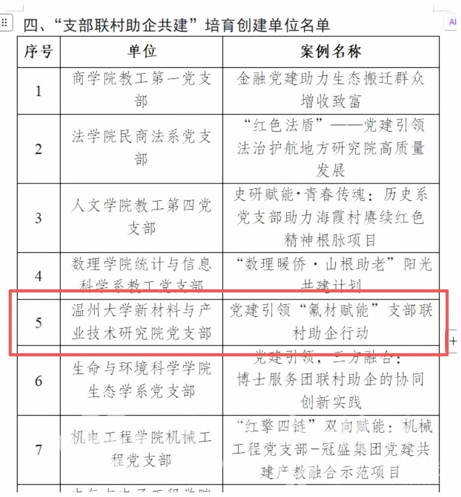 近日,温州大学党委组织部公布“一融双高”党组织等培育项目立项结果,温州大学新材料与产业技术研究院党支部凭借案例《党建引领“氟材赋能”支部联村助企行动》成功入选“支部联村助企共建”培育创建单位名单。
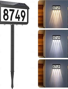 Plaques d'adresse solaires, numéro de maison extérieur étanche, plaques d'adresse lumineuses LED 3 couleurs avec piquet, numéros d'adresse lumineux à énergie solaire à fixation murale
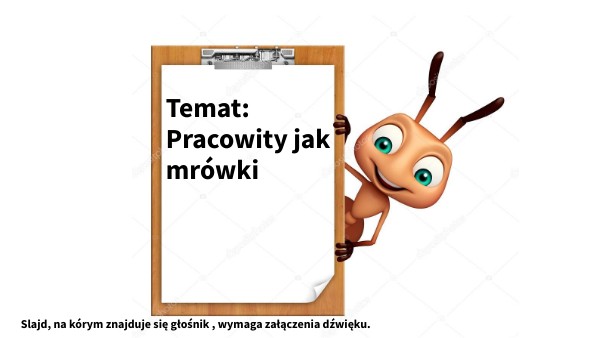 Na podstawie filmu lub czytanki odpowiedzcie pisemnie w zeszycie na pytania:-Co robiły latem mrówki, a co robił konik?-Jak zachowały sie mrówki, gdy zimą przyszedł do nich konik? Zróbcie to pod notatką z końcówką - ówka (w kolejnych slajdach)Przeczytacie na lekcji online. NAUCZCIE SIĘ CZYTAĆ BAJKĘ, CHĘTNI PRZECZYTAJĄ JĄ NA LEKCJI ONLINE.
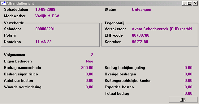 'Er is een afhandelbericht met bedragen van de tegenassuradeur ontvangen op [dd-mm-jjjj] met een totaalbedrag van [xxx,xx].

* * *

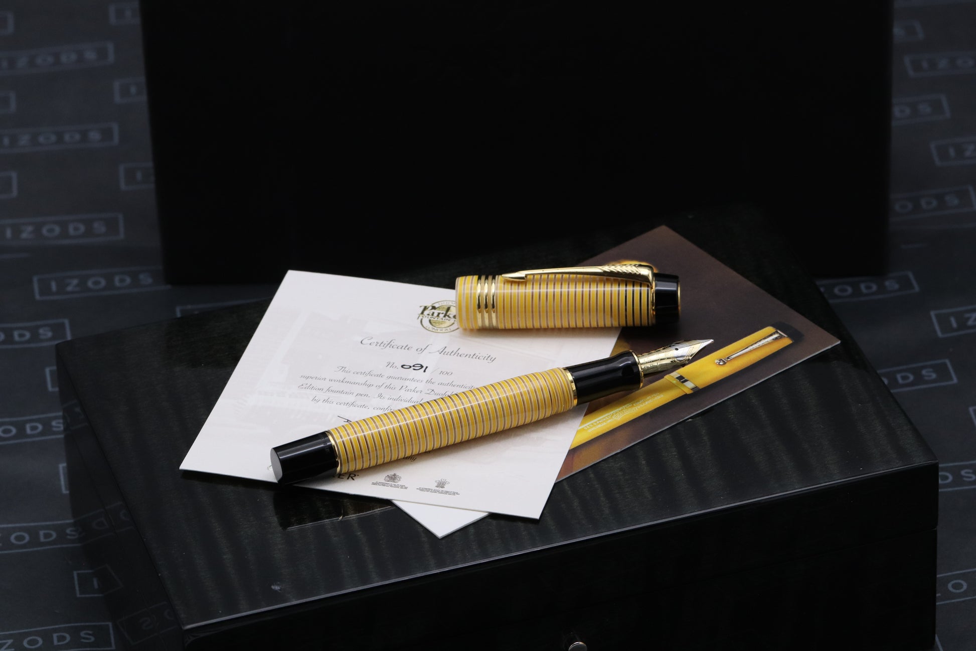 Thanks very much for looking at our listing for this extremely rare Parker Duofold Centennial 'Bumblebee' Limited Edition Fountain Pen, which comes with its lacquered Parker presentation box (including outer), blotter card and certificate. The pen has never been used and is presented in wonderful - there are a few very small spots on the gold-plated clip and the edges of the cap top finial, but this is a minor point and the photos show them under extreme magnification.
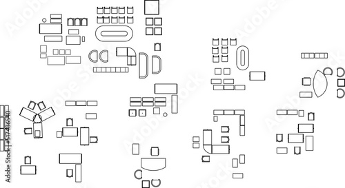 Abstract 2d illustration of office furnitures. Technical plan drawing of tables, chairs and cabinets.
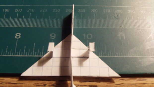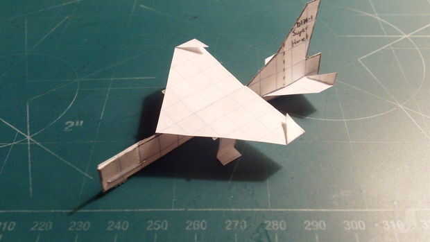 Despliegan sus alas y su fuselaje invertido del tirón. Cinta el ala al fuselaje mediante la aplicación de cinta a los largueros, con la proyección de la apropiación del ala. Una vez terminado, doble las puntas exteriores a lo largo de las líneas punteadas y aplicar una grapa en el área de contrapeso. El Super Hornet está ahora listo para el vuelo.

WHAT THE EXERCISE ASKS: Here the job is to copy the stretch of records from the line containing "Thanks very much" through the line containing "Despliegan sus alas", word for word. Leave every picture out.

TASK OUTPUT:
 Thanks very much for looking at our listing for this extremely rare Parker Duofold Centennial 'Bumblebee' Limited Edition Fountain Pen, which comes with its lacquered Parker presentation box (including outer), blotter card and certificate. The pen has never been used and is presented in wonderful - there are a few very small spots on the gold-plated clip and the edges of the cap top finial, but this is a minor point and the photos show them under extreme magnification.
 Abstract 2d illustration of office furnitures. Technical plan drawing of tables, chairs and cabinets.
 Despliegan sus alas y su fuselaje invertido del tirón. Cinta el ala al fuselaje mediante la aplicación de cinta a los largueros, con la proyección de la apropiación del ala. Una vez terminado, doble las puntas exteriores a lo largo de las líneas punteadas y aplicar una grapa en el área de contrapeso. El Super Hornet está ahora listo para el vuelo.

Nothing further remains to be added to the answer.